Wednesday, May 12, 2010

So I've been gone a while

Well,
It's been a while but I'm starting to come back around to updating with some new posts, so here's some of my recent stuff:

1. Our SharePoint setup was such that everything was in a single content database and single site collection. This has proven troublesome, especially in MOSS 2007, so the system admins are going to split some subsites into their own site collections and group them into multiple content dbs. We're hoping to be able to point out where some of our current performance flaws exist in doing this but also to prepare for a migration to SharePoint 2010.
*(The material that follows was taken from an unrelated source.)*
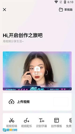 4、在发视频页面,你可以使用自行创作、视频剪辑、视频配乐、识别字幕、创作模板等功能。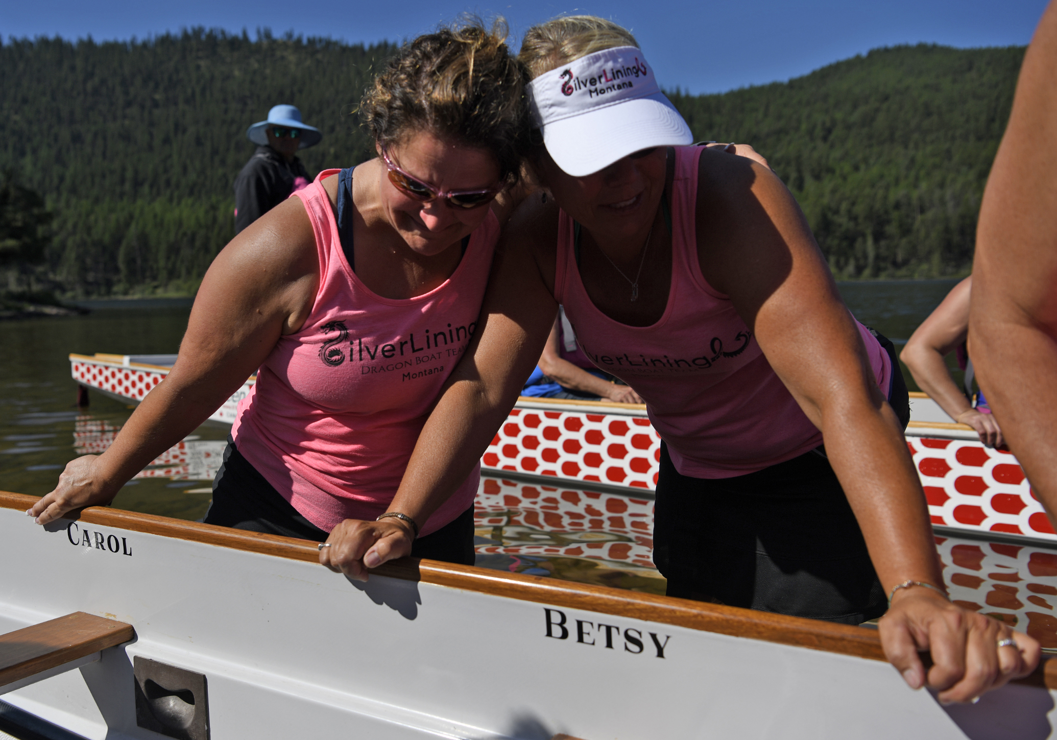Trish Lingle, left, and Heidi Call share a moment during the traditional rose ceremony at the annual Montana Dragon Boat Festival in Bigfork last weekend. Survivors threw pink roses into the water from their boats to remember those they lost to cancer.

2. Working on the CTT+ certification...fun times there...pro tip: don't have people use funny first names in your video - creates a world of havoc in submission and processing.

3. Created a vehicle registration form for the university to register (2) vehicles in an infopath form, submit each vehicle as a separate form to sharepoint, and then process those via Access on the backend. This is a pretty simple but cool setup and didn't involve any major work EXCEPT: infopath decided, upon one of the publishing processes, to add a 'comment' tag in 3 different places...there wasn't a comment opening tag or any actual comment, just that closing tag. I also got an error for "unexpected CSS formatting" or "potentially unsafe HTML found in your form". To fix the comment issue, you have to do the scaries thing ever: Save your infopath form "as source files" and then open the particular view.xsl in notepad++ and look at the CODE...scary...and then do a simple find for the word 'comment' and see what you find. I just deleted the tags since they weren't connected to anything and that fixed them (you won't see them anywhere in the form, just in the code).

4. Learned a nifty trick on Microsoft's website for determining if someone who is opening an infopath form is opening it in the browser of if it's being opened in InfoPath: use a condition on an opening rule that says "matches the expression": "xdEnvironment:IsBrowser"...this is useful if you want to have certain views used internally for processing but the main page be a browser form for public use.

5. Had an interesting problem sent to me: someone deleted a list in sharepoint and, when it was restored (not from the recycle bin), the list had a new ID number (called a GUID). This messed up several things that were originally connected to this list; however, there was a simple albeit scary solution for it: open up the site in sharepoint designer and just do a simple find-replace for the original list's GUID with the new one...had several thousand fixes - mostly from workflow configuration and workflow history. After I did that, I double-checked the workflows themselves and noticed that you can open these up as xml files and just do a find and replace there too - so i did. Between the two pieces, it fixed all references to the list and all workflows now work just fine.